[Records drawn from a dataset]
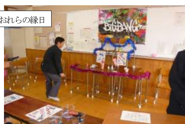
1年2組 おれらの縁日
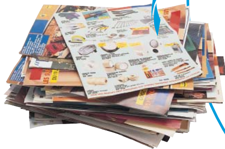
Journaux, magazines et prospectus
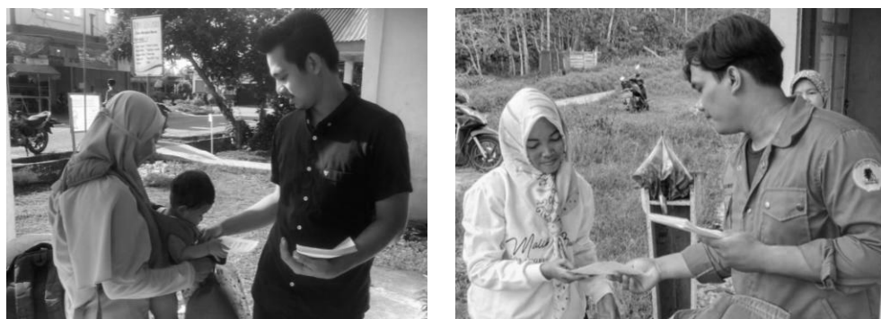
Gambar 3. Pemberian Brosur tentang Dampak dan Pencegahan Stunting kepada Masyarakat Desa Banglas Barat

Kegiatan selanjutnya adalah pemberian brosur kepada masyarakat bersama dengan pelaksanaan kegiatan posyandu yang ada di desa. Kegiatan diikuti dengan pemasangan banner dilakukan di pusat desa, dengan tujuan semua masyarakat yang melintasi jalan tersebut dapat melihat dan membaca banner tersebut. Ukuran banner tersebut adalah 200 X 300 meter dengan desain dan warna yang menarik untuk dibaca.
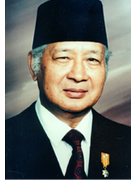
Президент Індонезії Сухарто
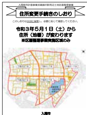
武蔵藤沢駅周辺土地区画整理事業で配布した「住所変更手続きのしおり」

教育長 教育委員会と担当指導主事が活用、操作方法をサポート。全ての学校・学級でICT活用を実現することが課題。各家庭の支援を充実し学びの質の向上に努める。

--- ASSIGNED TASK ---
Only the lines from the first line of the data above through the line with "武蔵藤沢駅周辺土地区画整理事業で配布した「住所変更手続きのしおり」" should appear in the answer, retyped exactly, with every picture left out.

--- TASK RESULT ---
1年2組 おれらの縁日
Journaux, magazines et prospectus
Gambar 3. Pemberian Brosur tentang Dampak dan Pencegahan Stunting kepada Masyarakat Desa Banglas Barat

Kegiatan selanjutnya adalah pemberian brosur kepada masyarakat bersama dengan pelaksanaan kegiatan posyandu yang ada di desa. Kegiatan diikuti dengan pemasangan banner dilakukan di pusat desa, dengan tujuan semua masyarakat yang melintasi jalan tersebut dapat melihat dan membaca banner tersebut. Ukuran banner tersebut adalah 200 X 300 meter dengan desain dan warna yang menarik untuk dibaca.
Президент Індонезії Сухарто
武蔵藤沢駅周辺土地区画整理事業で配布した「住所変更手続きのしおり」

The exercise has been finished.